The greatly talented storyteller Lena Dunham made a triumphant splash in 2010 at the age of 24 as the writer-director-star of the film festival darling “Tiny Furniture,” followed by the wildly successful “Girls.” The groundbreaking series had a six-year run on HBO from 2012-2017 and turned Dunham into a household name who seemed to be involved in one controversy or another every few months through the 2010s.
Dunham continues to be a prolific writer, producer and actor, so it comes as something of a surprise to realize “Sharp Stick” is her first feature film in 12 years.
Unfortunately, though we’re reminded of Dunham’s gift for crackerjack dialogue and her considerable talents for creating memorable visuals out of even the most mundane of settings, e.g., a laundry room or the steps outside a semi-shabby apartment complex, “Sharp Stick” is a rather sour and troublesome film—a strange hybrid that sometimes plays like a Fractured Fairy Tale and is populated by razor-thin characters who behave in an inconsistent manner and exist in a world that alternates between gritty reality and some kind of bizarro alternative world where things just don’t add up.
The first signs of inconsistency in “Sharp Stick” come early and often, as we witness the home lives of Marilyn (Jennifer Jason Leigh), a former wannabe starlet who has been married five times and now manages a small Los Angeles apartment building and spends most of her waking days getting inebriated in one form or another, and her two daughters.
Treina (Taylour Paige), who was adopted, says she’s been crushing on boys since she was born and is trying to make a living as a social media influencer whose main skill is posing for provocative photos and videos.
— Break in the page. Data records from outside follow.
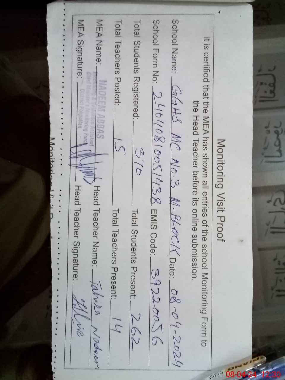 | EMIS Code: 39220056 | Name of School: GGHS MC NO.3 M BLOCK ARIFWALA | |||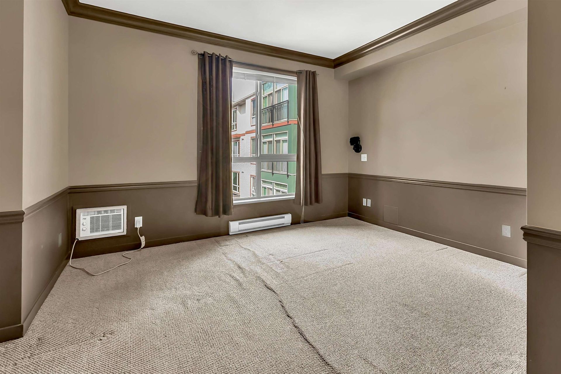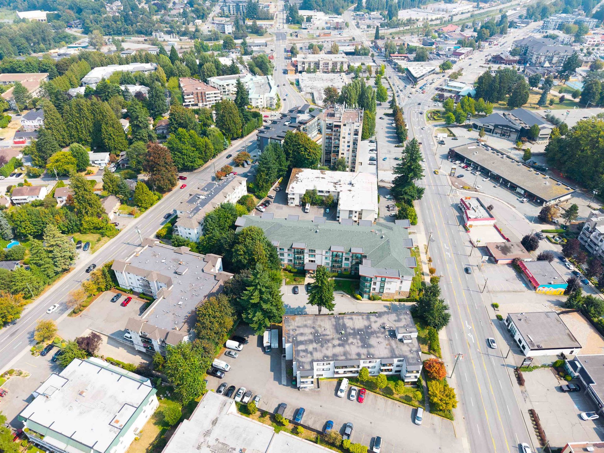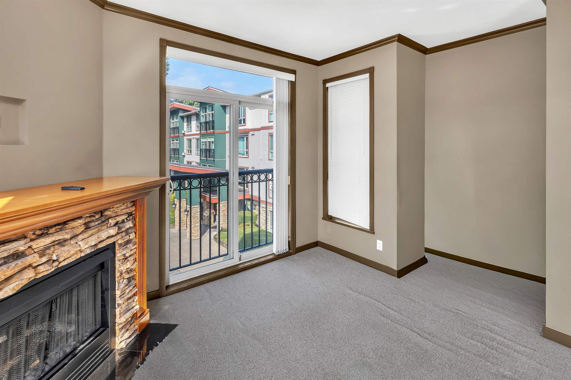 Welcome to Citadel Ridge in Central Abbotsford! Rarely available oversized END UNIT 1 Bedroom + 1 Bathroom located on the 3rd floor of this well built and secure building. Boasting 840 Sq Ft (not a typo!) this condo features a functional kitchen with granite countertops, island & window, large bedroom with AC unit and 2 closets, bathroom with double sink, shower and soaker tub, dining space, and also open living room with 2nd AC, wood mantle electric fireplace & 2 large sliding doors that also allow tons of natural sunlight to shine through. Unit also features high ceilings, hardwood floors, and arched doorways. New washer/dryer. Best of all this unit offers a oversized single car private garage and also a storage locker. Low strata fees and 1 pet allowed. Roof & gutters recently replaced!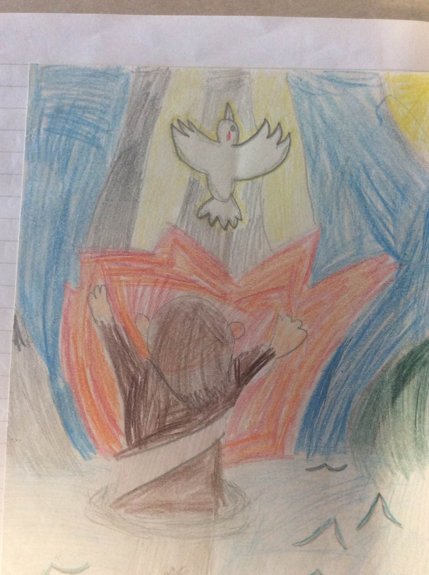 This wall frieze is the called ‘The Big Frieze’ it is designed by the artist Emma Yarlett to illustrate seven of the concepts that are explored in Understanding Christianity. It represents the ‘big story’ of the Bible and used to help teach the Christianity units in the school. The images represent Creation, Fall, People of God, Incarnation, Gospel, Salvation and Kingdom of God.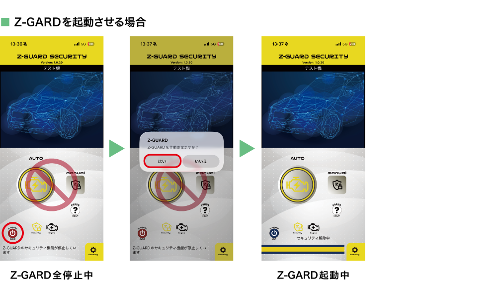 車両通信圏内に近づく又は、車両に乗り込んだ状態でZ-GUARDアプリを起動します。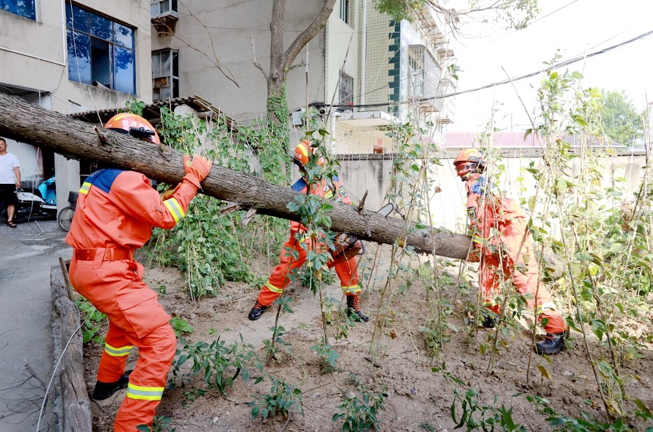本报讯 (通讯员彭磊 卢勇) 近日,城关镇神农路某居民院子里有一棵干枯大树被大风刮断,直接压在一民房外墙上,存在极大的安全隐患,县消防救援大队接到群众报警后,迅速行动,帮群众排忧解难。

Sarah Jo (Kristine Froseth) is 26 but dresses as if she’s an Amish pre-teen and has the emotional and intellectual maturity of someone half her age. (The Sarah Jo character is so naïve and socially different she could be on the spectrum, leading to a controversy at Sundance that prompted Dunham and the filmmaking team to issue a statement saying, “Nothing about Sarah Jo was coded to suggest or convey neurodivergence.”)
We learn Sarah Jo was traumatized physically and psychologically after an emergency hysterectomy when she was a teenager—but that still doesn’t explain why she’s no incredibly unsophisticated in matters of sex and relationships, seeing as how her mother and her sister speak in such frank and explicit terms. This woman has to be informed there’s something called porn on the Internet; at one point she Googles, “Two people having sex together,” and is shocked (and excited) by what comes up.
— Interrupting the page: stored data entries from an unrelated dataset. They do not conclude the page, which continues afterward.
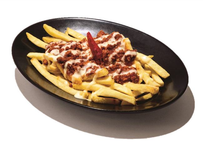 おつまみの定番のフライドポテトに激辛ミートソースとチーズをトッピングしました。ハイボールやビールのお供にお召し上がり下さい。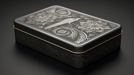 An opulent packaging in a black and gold metal tin box with a geometric pattern, featuring a simple yet advanced illustration with hot stamping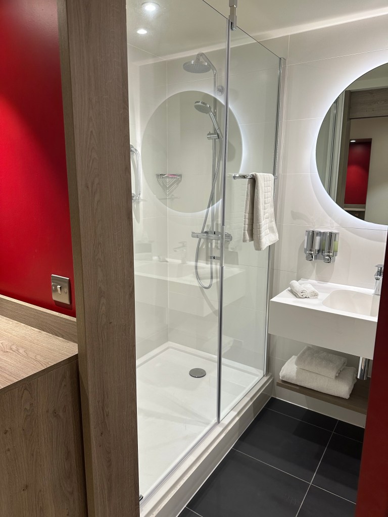 Really didn’t know what to call this area. But, I was very surprised by the size of the TV. But, did I watch it once? No. I didn’t. Unlike my trusted premier inns, they had nowhere to plug in a fire stick. And it’s not a smart TV. 8/10 for the size. 2/10 for its functionality in todays world.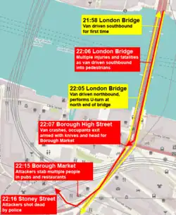 1. Metropolitan Police (3 de junio de 2017). «Info available at this stage: from 2208hrs officers responded to reports of a vehicle in collision with pedestrians on #London Bridge. 1/3». @metpoliceuk. Consultado el 3 de junio de 2017.

Sarah Jo works as a special-needs caregiver to a boy named Zach (Liam Michel Saux), in a spacious and lovely home where Zach’s mother, Heather (Dunham), a successful real estate broker who is weeks away from giving birth, is forever feeling harried and overwhelmed as she rushes out the door to her next appointment, while Zach’s dad, Josh (Jon Bernthal), is the cool, stay-at-home dad who sports the tousled hair and wardrobe (sweats and hoodies) of a guy who never grew up.
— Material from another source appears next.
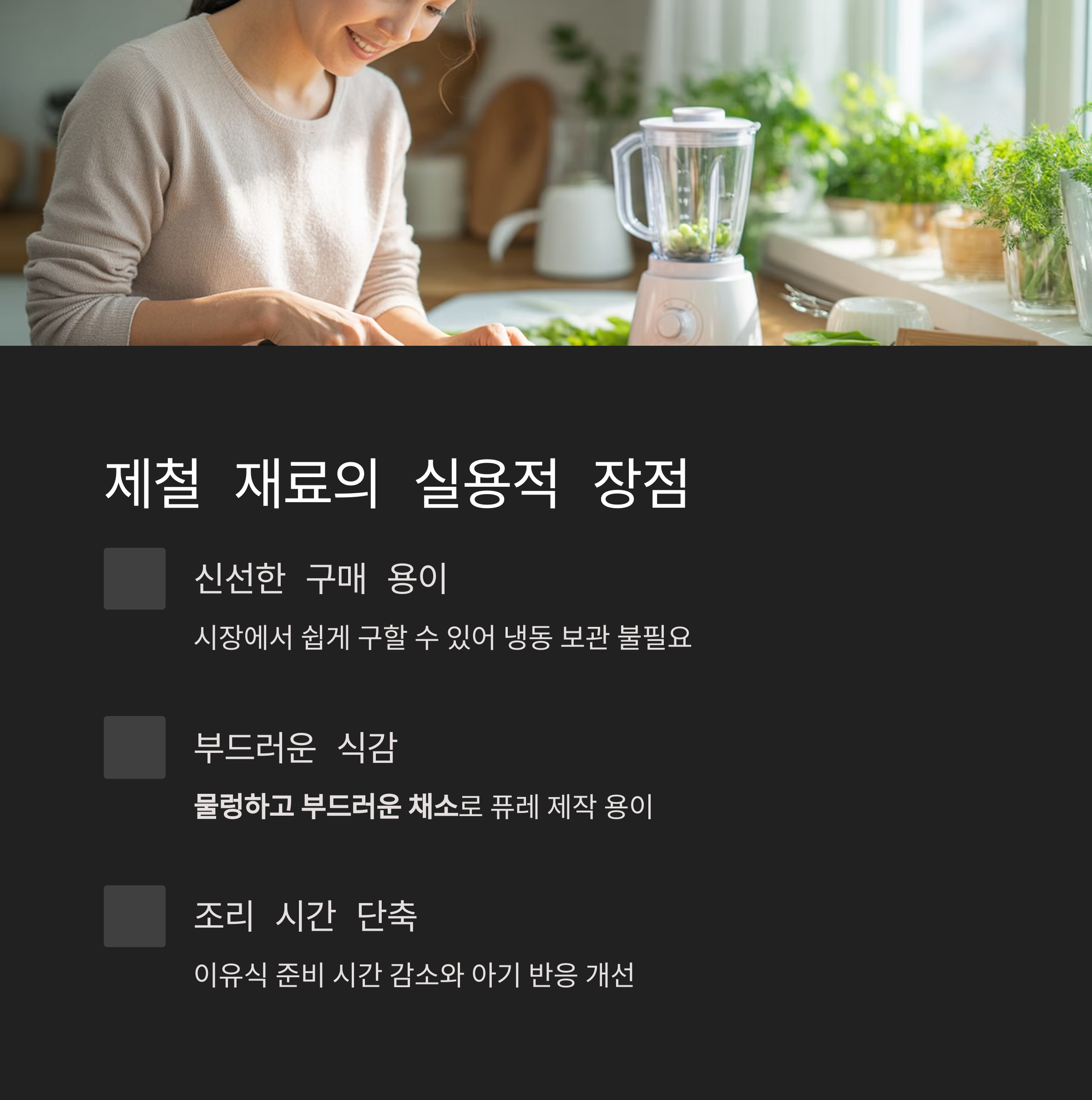 이는 이유식 만들기에 들이는 시간을 줄여주며,

Out of nowhere, Sarah Jo decides it’s time to lose her virginity, and seeing as how Josh is right there and seems to be the only man she actually knows, she announces her intentions to Josh, who says all the right things for about 90 seconds before they’re going at it.
For a time, “Sharp Stick” plays like some kind of 1990s forbidden-fruit affair movie, with Sarah Jo and Josh engaging in a furious, voracious, all-consuming love affair. When they’re found out, Sarah Jo discovers Josh is a serial philanderer who never planned to follow through on his promises to leave Heather, and the film undergoes a change in gears so sudden and harsh you might experience whiplash.
While her supposedly worldly mother and sister remain oblivious to just about everything going on in Sarah Jo’s life, Sarah Jo creates an A-to-Z checklist of sexual acts (none of which can be spelled out here) and arranges to hook up with a steady stream of strangers she meets on the Internet. In the process, she becomes enamored to the point of obsession with a New Age porn star named Vance Leroy (Scott Speedman), whom she views as some kind of Sexual Savior.
Where is this all going, and what does it all mean? Every main character in “Sharp Stick” is hopelessly lost on one level or another, but nobody really grows or reaches any kind of self-actualization. Sarah Jo’s so-called sexual awakening seems desperate, self-destructive and dangerous, and the attempt to tack something resembling a happy ending onto her journey feels forced and implausible.
Perhaps we’re supposed to feel Sarah Jo has become empowered, but we’re left feeling she needs help now more than ever and isn’t likely to get it.